O público é outra história. Seja numa reunião de cabos eleitorais das classes C e D, seja num restaurante por quilo “chique”, todos parecem filhos únicos de mãe viúva, velha e rica, ou seja : têm plena convicção de que o mundo existe para servi-los, e de que têm total direito de fazer o que bem lhes der na telha, tanto em termos de (des)respeito às leis de trânsito quanto a filas, pessoas idosas, boas maneiras, decibéis máximos aceitáveis, sinais vermelhos etc. Ou seja (e como eu já disse antes ) : são iguaizinhos ao povo todo do resto do Brasil. Acho que o negócio vai ser emigrar mesmo. Como será que eu faço pra pedir asilo, er, filosófico, hem ?

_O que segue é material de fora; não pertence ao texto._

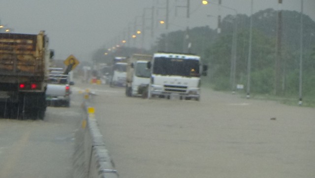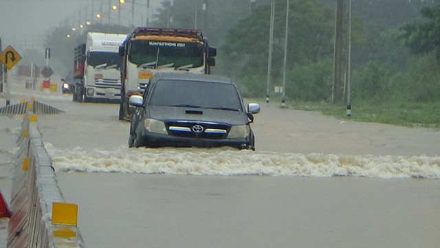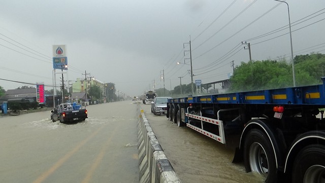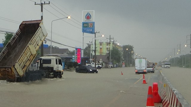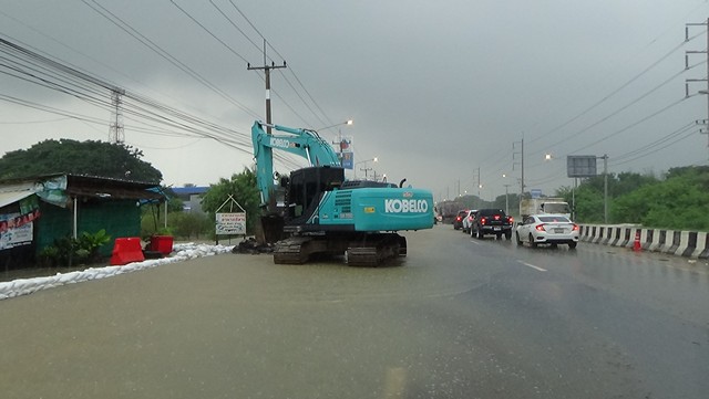 อ่างทอง-ป่าโมกอ่วม ถนนสาย 33 ท่วมหนักรถเล็กผ่านไม่ได้ ปิดการจราจร เร่งปั้นคันดินกู้ถนน

ou UM MINÚSCULO AFOGAMENTO E UM COPO DE BATIDA DE PITANGA
Eu tinha acabado de escrever outro post furibundo pra botar aqui, xingando uns e outros, sendo malvadinha, sarcástica e venenosa pra tentar me consolar da tristeza, das saudades de casa, da minha felina filha e do monamu, da falta de grana e das contusões, equimoses e ralados impingidos ao meu pobre orgulho, diariamente espancado e ferido por aqui. Mas aí fui falar com o gatim pelo MSN e ele me disse que o livroda Fal tinha chegado lá em casa, e ainda “leu” as dedicatórias pra mim. A impressa, que ela fez pro Alexandre, e a manuscrita - à caneta e com a letrinha dela -, que nossa frô fez pra gente (eu, gatim e Nina). Reações ? Ah, diversas : meu coração derreteu, meu veneno errou de rumo e se perdeu (roubei sim, e daí ?), minha irritação se liquefez completamente, tanto que chegou a transbordar um pouquinho pelos olhos... e quando a onda inesperada de amor e ternura que quebrou na minha praia refluiu um pouco, não vi mais nem sinal da raiva que eu estava sentindo do mundo inteiro até então. Acho que a bichinha se afogou... ou então saiu pingando, envergonhada do caixote, e foi se sentar debaixo de um coqueiro, de cabelim lambido e drinque colorido na mão, ronronando bem baixinho. Pode até ser que ela ainda volte, mais cedo ou mais tarde, mas pelo menos vai estar mais bonita e bronzeada. E o marzão continua lá, firme, forte... e pra sempre. Te amamos, Fal.
Nada-nada (nada mesmo) contra pessoas que sabem seu próprio valor, confiam no seu taco, no seu bom gosto, em sua educação, instrução e/ou erudição – mesmo que a soletrem, sei lá, com h ou ss -, que gostam da própria aparência, voz e porte, que se conhecem profundamente e ainda assim se estimam e se amam to bits. Mas pelamor, cadê o famoso e sempre bem-vindo grano salis, putada ? Não rola um pouquinhozinho só, por minúsculo que seja, de auto-dúvida, de humor autodepreciativo, com ou sem hífen, e de pulguinha cantando “talvez, talveeeez você não seja a última molécula de H2O do Saara, viu, fofo(a) ?” atrás da orelha do ser senciente, não ? Algo que funcione que nem aquela pitadinha de bicarbonato que não deixa o bolo ficar nojento de tão doce e evita que ele afunde e sole em sua própria chocolaticidade rica e densa, cadê ? Porque, vou te falar, quando a dose de “sou lindo(a), gostoso(a), maravilhoso(a), talentoso(a), sedutor(a), tesudo(a), interessante, sensível, irresistível e genial (uf)” só varia de over a hiper, até a parte boa começa a bichar, e aí não tem antiemético (com hífen ou etc.) que dê conta. Nessa hora, meu cerebrozinho disléxico começa a jurar que foi esse povo e não ele quem leu errado o velho clichê “é chato ser gostoso” e começou a crer, do fundo mais profundo e meditabundo do seu EEEEEUUUUÔÔÔÔ superior, sedoso, malhado e vitaminado, que o gostoso mesmo é ser chato(a). Ô, raca. Sem cedilha.